Handel i bezpieczeństwo mają być głównymi tematami spotkania nowej premier Japonii Sanae Takaichi z prezydentem USA Donaldem Trumpem. Rozmowa polityków planowana jest w przyszłym tygodniu w Tokio.
Według informacji agencji Kiodo japoński rząd ma zwiększyć zakupy amerykańskich towarów, co było warunkiem obniżenia ceł przez amerykańską administrację. Kością niezgody pozostaje jednak kwestia wydatków na obronność i zwiększenia skali współfinansowania obecności amerykańskich baz.
Poprzednik Sanae Takaichi, premier Shigeru Ishiba, zgodził się zainwestować w USA nawet pół miliarda dolarów. Nowy rząd nie będzie tak szczodry, choć zwiększyć się ma skala japońskich zakupów amerykańskiej soi, gazu oraz pick-upów. Rządowi Ishiby zależało bowiem za zmniejszeniu ceł głównie na japońskie auta.
Sanae Takaichi – pierwsza w historii Japonii kobieta kierująca rządem – potwierdziła, że sojusz z USA jest “kamieniem węgielnym” japońskiej polityki zagranicznej i bezpieczeństwa. Sanae Takaichi przeciwna jest jednak zwiększeniu japońskiego budżetu na obronę, czego od sojuszników USA oczekuje prezydent Donald Trump.
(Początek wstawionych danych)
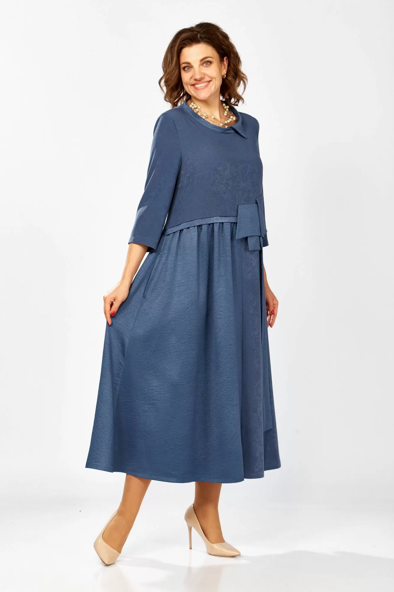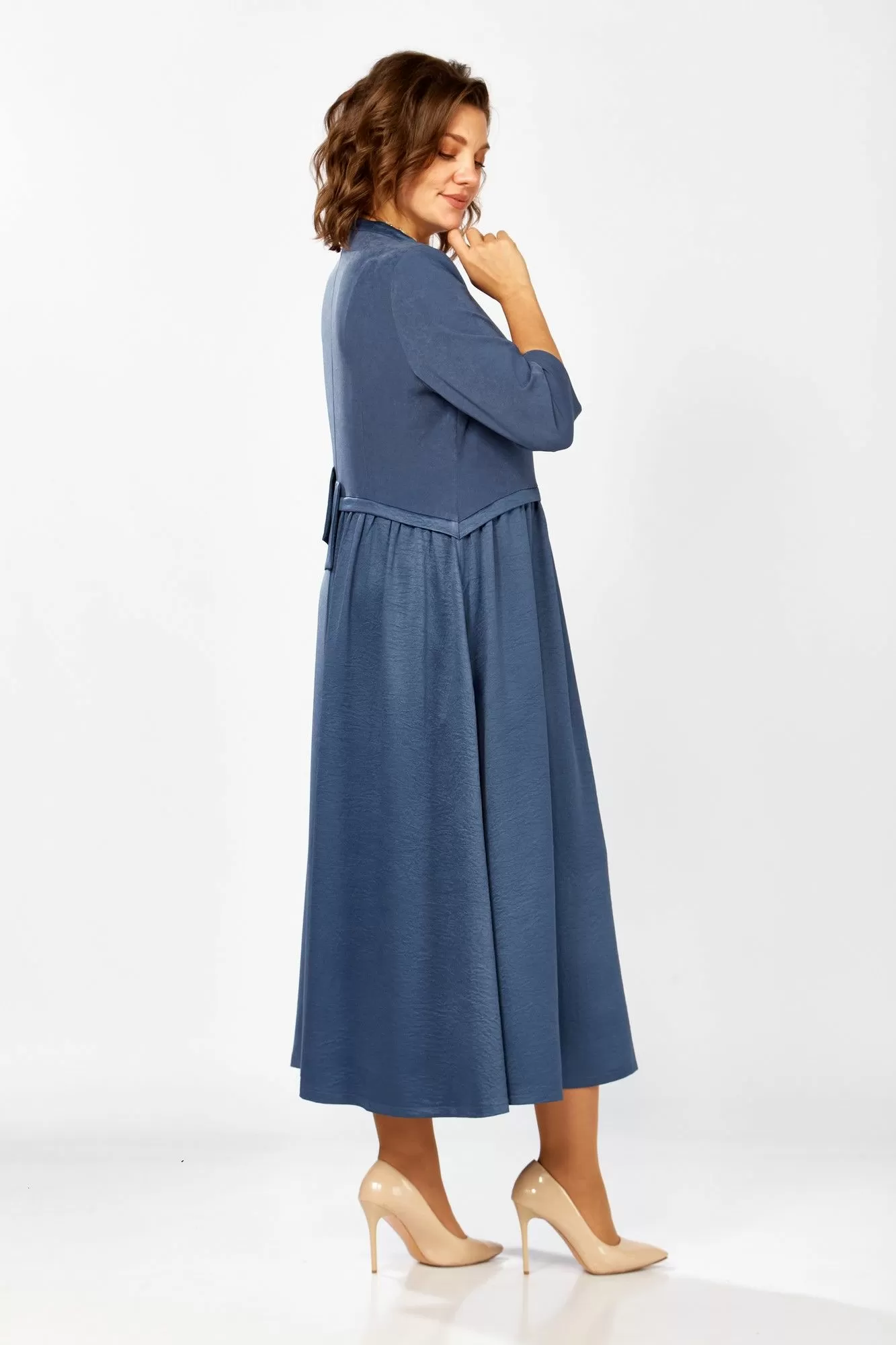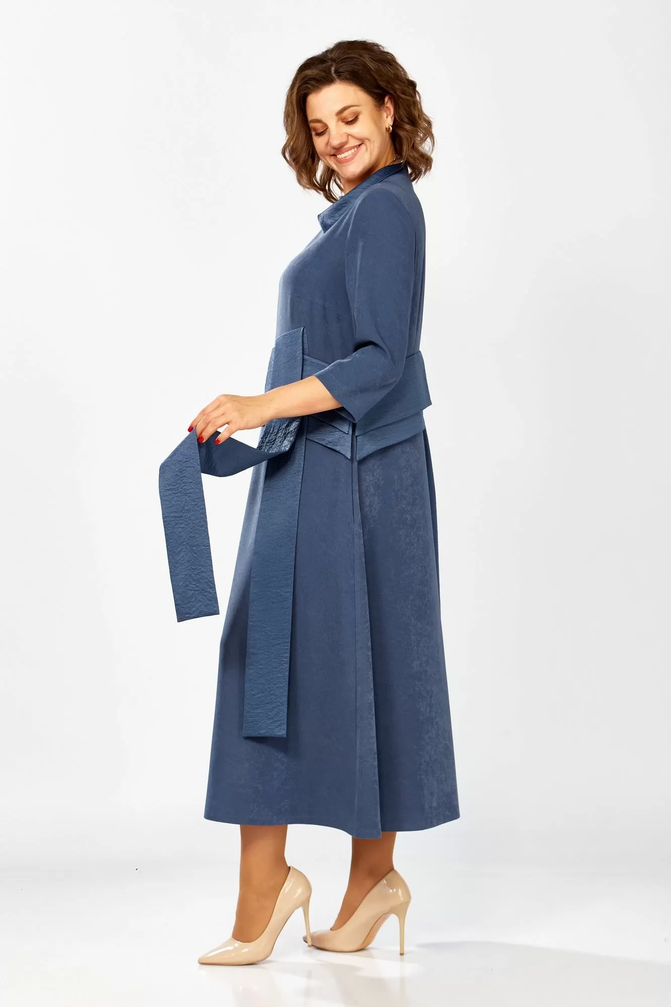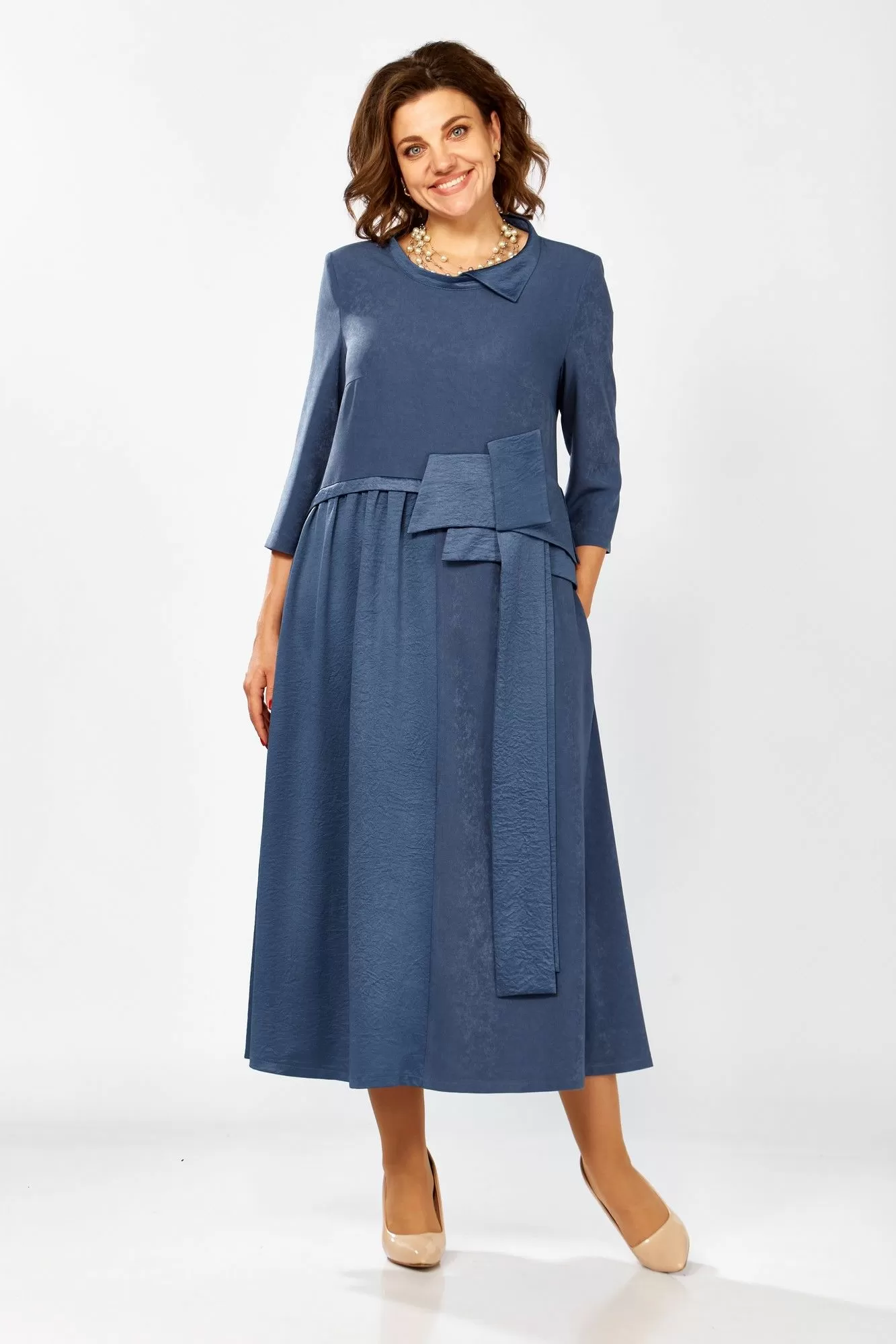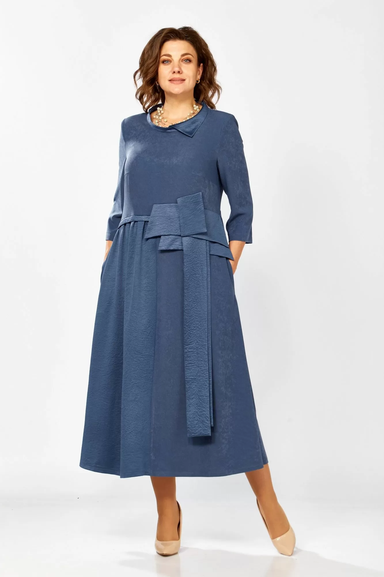 Нарядное платье изготовлено из двух видов ткани-бархатистой и блестящей текстурированной в красивом серенево-голубом оттенке.Полуприлегащий силуэт с отрезной, слегка завышенной, талией. Нижняя часть платья А-силуэта с одной стороны по линии талии со сбокой. Рукав 3/4, втачной. Вырез горловины округлой формы со стойкой и фантазийным воротником. Особенностью этой модели, которая предает образу торжественность, являются геометричные детали настроченные на пояс спереди и сзади по спинке и символизирующие нарядный королевский бант. Платье идеально подойдет на любое торжество-юбилей,свадьбу и многие другие мероприятия. Длина изделия по среднему шву спинки 128 см.

Zapowiedziała, że jej rząd będzie realizować postanowienia umowy handlowej ze Stanami Zjednoczonymi zawartej przez jej poprzednika.
Prezydent USA odwiedzi Tokio na początku przyszłego tygodnia. Japonia to część azjatyckiego tournée Donalda Trumpa, który rozpocznie je od spotkań w Malezji. W Korei Południowej weźmie udział w szczycie APEC, podczas którego planowane są rozmowy twarzą w twarz z prezydentem Chin.